Please refer to https://lhotse.readthedocs.io/en/latest/index.html
for how to create a recipe in lhotse.
Hint
The yesno recipe in lhotse is a very good example.
Please refer to https://github.com/lhotse-speech/lhotse/pull/380,
which shows how to add a new recipe to lhotse.
Suppose you would like to add a recipe for a dataset named foo.
You can do the following:
$ cd egs
$ mkdir -p foo/ASR
$ cd foo/ASR
$ touch prepare.sh
$ chmod +x prepare.sh
If your dataset is very simple, please follow
egs/yesno/ASR/prepare.sh
to write your own prepare.sh.
Otherwise, please refer to
egs/librispeech/ASR/prepare.sh
to prepare your data.
Training
Assume you have a fancy model, called bar for the foo recipe, you can
organize your files in the following way:
$ cd egs/foo/ASR
$ mkdir bar
$ cd bar
$ touch README.md model.py train.py decode.py asr_datamodule.py pretrained.py
For instance , the yesno recipe has a tdnn model and its directory structure
looks like the following:
egs/yesno/ASR/tdnn/
|-- README.md
|-- asr_datamodule.py
|-- decode.py
|-- model.py
|-- pretrained.py
`-- train.py
File description:
README.mdIt contains information of this recipe, e.g., how to run it, what the WER is, etc.

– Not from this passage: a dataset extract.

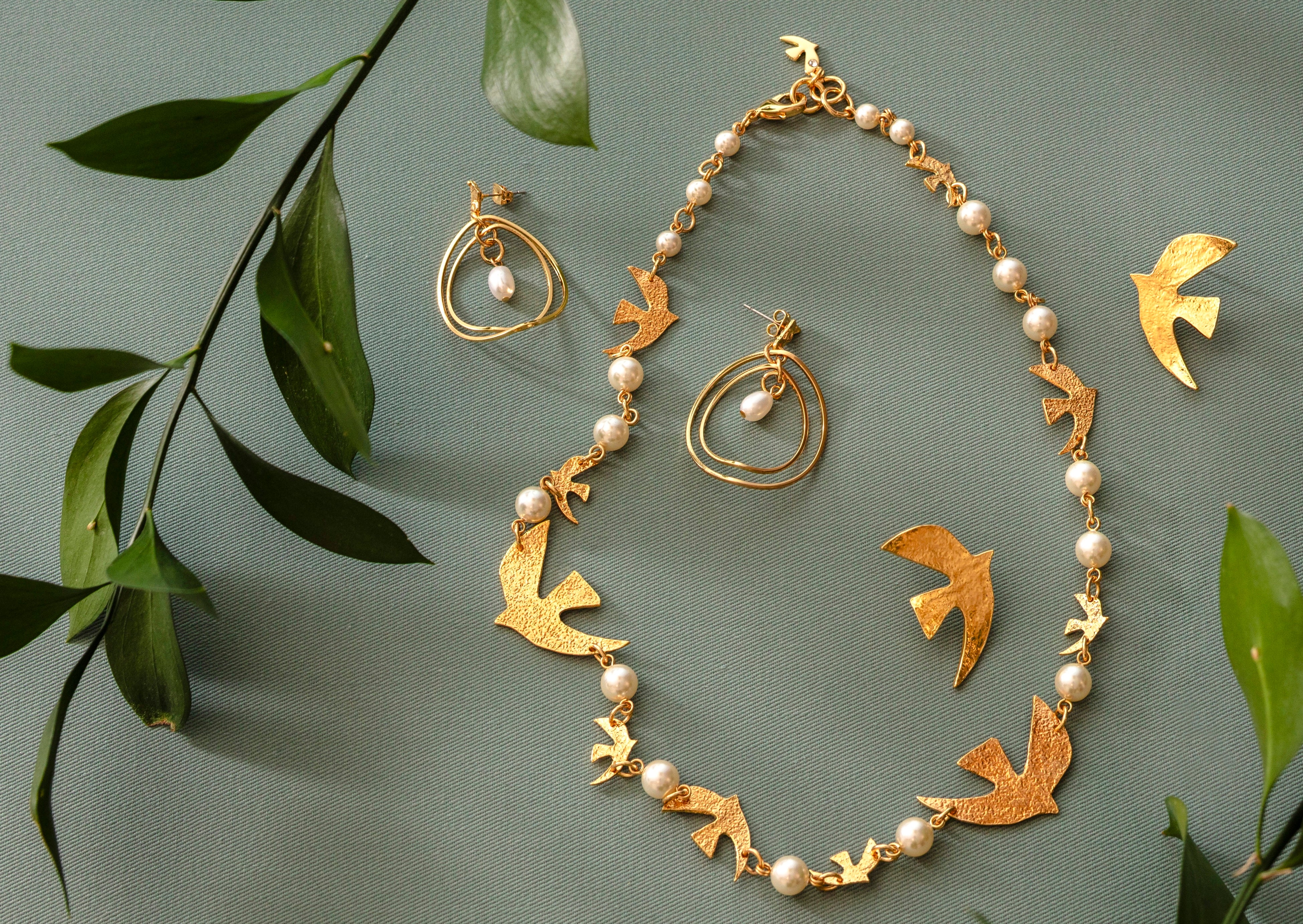 また、人気のパールのコレクションもさまざまなアイテムやデザインでラインナップしました。トンボモチーフや ラ・コロンブ(鳩)、揺れるデザインなど、どれをとってもエレガンスの中にパリ的なエスプリがひとひねり効いた秋のコレクションは、定番コレクションと併せて、オンラインショップのほか、セシル・エ・ジャンヌ青山店や、10月15日(水)にオープンしたばかりの伊勢丹立川店でも展開しています。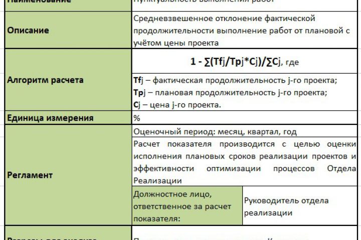 Блок регламентной информации позволяет дать понимание о том зачем используется конкретный показатель, каковы оптимальные периоды оценки цели, достижение которой он измеряет, а также иные значимые процессуальные стандарты.

asr_datamodule.pyIt provides code to create PyTorch dataloaders with train/test/validation dataset.
decode.pyIt takes as inputs the checkpoints saved during the training stage to decode the test dataset(s).

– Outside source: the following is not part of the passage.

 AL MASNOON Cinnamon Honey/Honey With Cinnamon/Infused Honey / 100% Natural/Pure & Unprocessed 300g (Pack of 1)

model.pyIt contains the definition of your fancy neural network model.
pretrained.pyWe can use this script to do inference with a pre-trained model.

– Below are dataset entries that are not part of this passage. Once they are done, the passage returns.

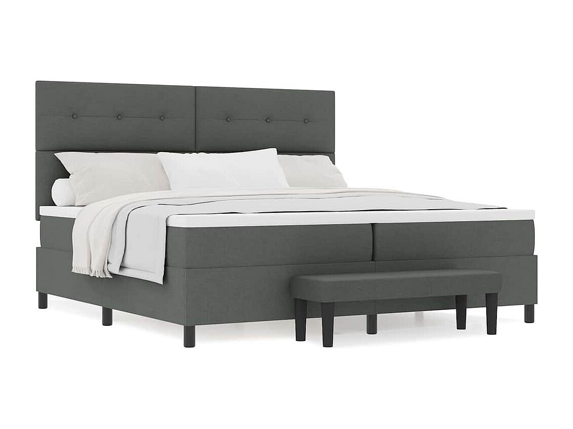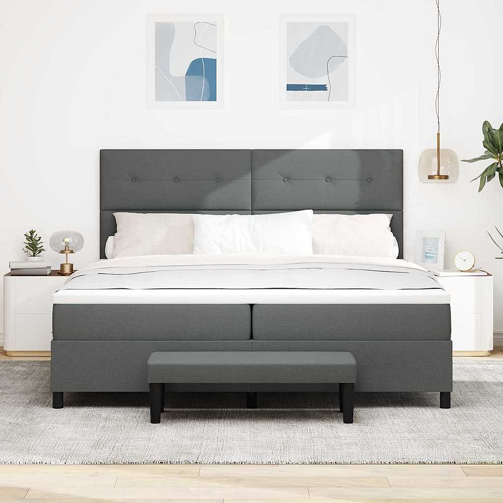 Cadre de lit avec matelas Gris foncé 200 x 200 cm tissu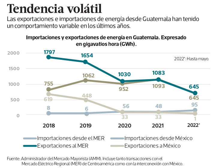 - Datos del Banco de Guatemala (Banguat) reportan que de enero a abril del 2022, el país exportó US$34.4 millones en energía, en tanto importó US$34.6 millones.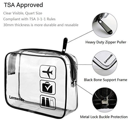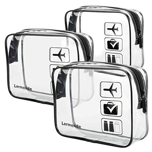 Lermende 3pcs TSA Approved Toiletry Bag with Zipper Travel Luggage Pouch Carry On Clear Airport Airline Compliant Bag Travel Cosmetic Makeup Bags for Men Women – Black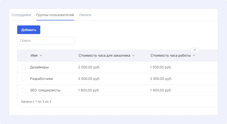 Вы можете задавать стоимость часа для отдельных сотрудников. Например, у стажера и middle-специалиста разная оплата. Также в Аспро.Cloud пользователей можно объединять в группы по отделам и указывать для них базовую ставку.

train.pyIt contains training code.
Hint
Please take a look at
to get a feel what the resulting files look like.
Note
Every model in a recipe is kept to be as self-contained as possible. We tolerate duplicate code among different recipes.
The training stage should be invocable by:
$ cd egs/foo/ASR $ ./bar/train.py $ ./bar/train.py --help
Decoding
Please refer to
https://github.com/k2-fsa/icefall/blob/master/egs/librispeech/ASR/conformer_ctc/decode.py
If your model is transformer/conformer based.
https://github.com/k2-fsa/icefall/blob/master/egs/librispeech/ASR/tdnn_lstm_ctc/decode.py
If your model is TDNN/LSTM based, i.e., there is no attention decoder.
https://github.com/k2-fsa/icefall/blob/master/egs/yesno/ASR/tdnn/decode.py
If there is no LM rescoring.
The decoding stage should be invocable by:
$ cd egs/foo/ASR $ ./bar/decode.py $ ./bar/decode.py --help
Pre-trained model
Please demonstrate how to use your model for inference in egs/foo/ASR/bar/pretrained.py.
If possible, please consider creating a Colab notebook to show that.